I’m going to try something new here and go by chapters in my summary so this should be updated often as I get through the book.
At their best, graphics are instruments for reasoning about quantitate information. Often the most effective way to describe, explore, and summarize a set of numbers – even a very large set – is to look at pictures of those numbers. Furthermore, of all methods for analyzing and communicating statistical information, well-designed data graphics are usually the simplest and at the same time the most powerful. intro
The premise of Tufte’s book, graphics at their best are a simple and powerful means of illustrating information.
The first chapter show the readers many different kinds of statistical displays and illustrates their effectiveness.
Graphical displays should:
Tufte runs through milestones in the history of graphical data displays, showing how they evolve from time-series graphs to “narrative graphics of space and time.”
Graphical Excellence is the well-designed presentation of interesting data – a matter of substance of statistics, and of design.
Graphical Excellence consists of complex ideas communicated with clarity, precision, and efficiency.
Graphical excellence is that which gives to the viewer the greatest number of ideas in the shortest time with the list ink in the smallest space. 51
I particularly like the last one, usability! Simplicity and efficiency are always great principles to aim for.
Here Tufte begins to examine what makes graphs flawed – examples in which the display doesn’t fairly represent the data.
Show data variation, not design variation. 61
Data, when represented visually in two or three dimensions, is often grossly misrepresented. Because the data has only one dimension, but it is being represented visually as an area or volume of space, the relation between various data points skews.
Context is essential to integrity.
Six principles which help ensure graphical integrity, from page 77:
Data has been dumbed down by media outlets. It’s a pervasive means of transmitting information, but in it’s current state it conveys little information and is often corrupted somehow. Media outlets in the U.S. are particularly low brow, with very little sophistication present in news graphics.
Graphical competence demands three quite different skills: the substantive, statistical, and artistic. Yet now most graphical work, particularly at news publications, is under the direction of but a single expertise – the artistic. 87
Data graphics should show the data, noting else. Draw attention to the numbers and figures, not unsubstantial artistry.
Data Ink is the non-erasable core of a graphic, the non-redundant ink arranged in response to variation in the numbers represented. 93
The Data-Ink ratio then is the amount of Data-Ink in the graphic divided by the total amount of ink in the graphic.

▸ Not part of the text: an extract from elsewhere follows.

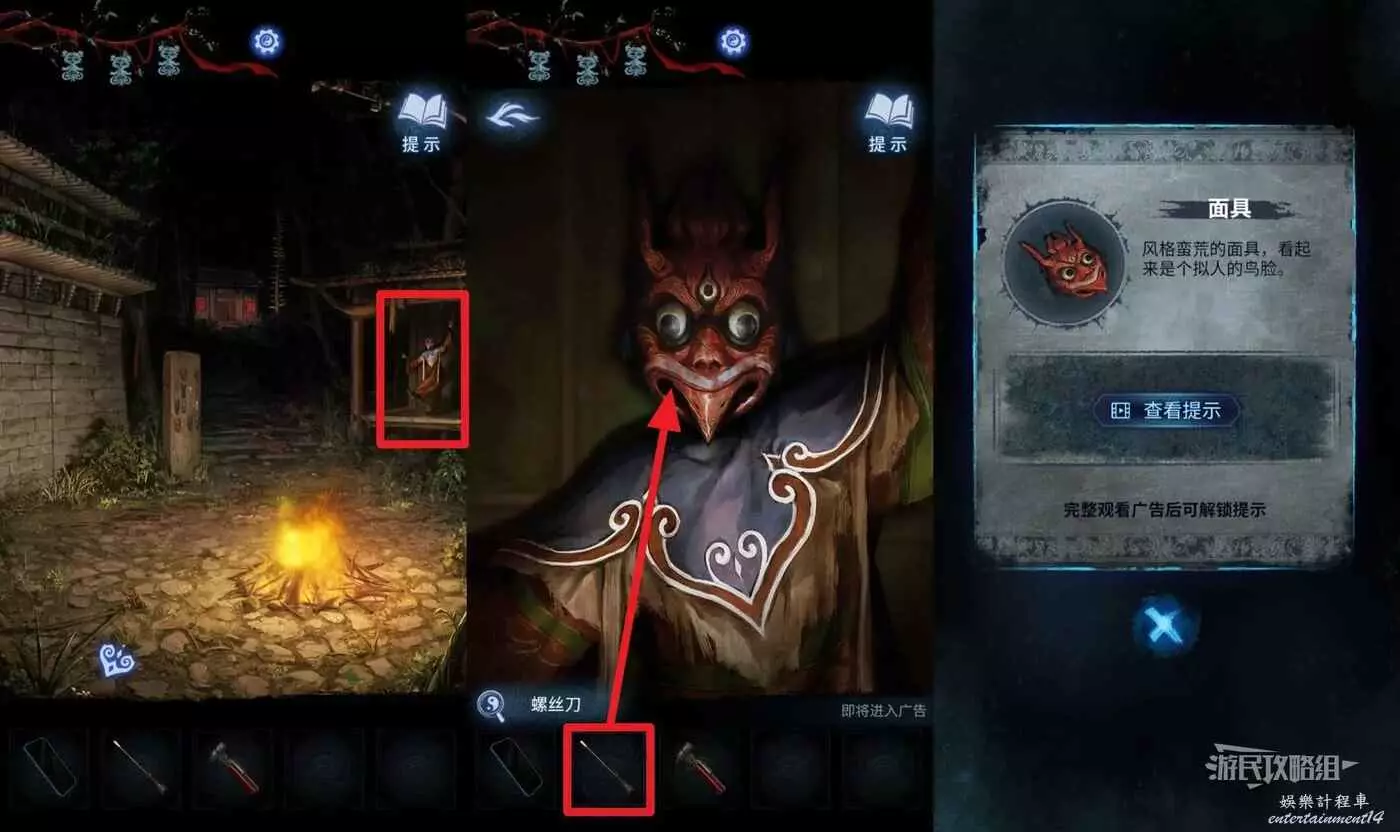 點擊車旁邊的箭頭前往篝火所在區域,點擊右側舞台上的木偶,在道具欄選擇【螺絲刀】再點擊木偶(注意有小高能),獲得【面具】。

So to maximize the data-Ink ratio of a graphic, one must:
Above all else show the data. Maximize the data-ink ratio. Erase all non-data-ink. Erase redundant data-ink. Revise and edit. 105
Vibration: the unneeded and obnoxious optical effects which add noise to a graphic. Moiré vibration is bad and clutter. Don’t use hatching and various levels of color to key your graphic – label important areas with words and not hatching.
The Grid: Mostly unnecessary. If possible lose the grid behind the plot, if not possible, make it grey so it falls behind the graphics.
The Duck: What a graphic becomes when it is decorated over-purposefully.
When a graphic is taken over by decorative forms or computer debris, when the data measures and structures become design elements, when the overall design purveys graphical style rather than quantitate information then the graphic may be called a duck in the honor of the duck-farm store, “Big Duck.” 116
Lose all the chartjunk!
Here Tufte works out new versions of various graphics according to the rules he has already laid out. Lose excess ink, within reason, and let the data show itself. This graphic might be beautiful, but it isn’t art. But don’t go overboard. Display as much information in as little space as possible, within reason. Edit and revise your graphics. Don’t confuse your audience, and explain the graphic in text. Newer designs may look odd, but this is because they aren’t common like the thousands of graphics which have come before them. As they grow more popular this will change.
Maximizing data ink (within reason) is but a single dimension of a complex and multivariate design task. The principle helps conduct experiments in graphical design. Some of these experiments will succeed. There remain however, many other consideration in the design of statistical graphics – not only of efficiency, but also of complexity, structure, density, and even beauty. 137
Use the same ink to achieve more then one result!
Mobilize every graphical element, perhaps several times over, to show the data. 139
Instead of just a dot or a line, use a number or a picture. This enables a complex comparison to be simple visually, and results in a high data ink ratio. One shouldn’t have to look all the way across the graphic to find the scale, for example. Incorporate breaks in a bar graph at even spaced intervals so that the height of the bar can be quickly computed by the viewer.
The data density of a graphic equals the number of entries in the dat matrix divided by the area of that data graphic 162.
The Higher the data density the better. The larger the data matrix the better. The size of the graphics should also be minimized, our eyes can handle it.
Small multiples are a set of varying data set onto the same background, illustrating the change from one frame to the next.
Graphical elegance is often found in simplicity of design and complexity of data. 175
Beautiful graphics do not traffic with the trivial. 175
Put words and pictures together. Words on a graphic are data ink. Explain the graphic with words.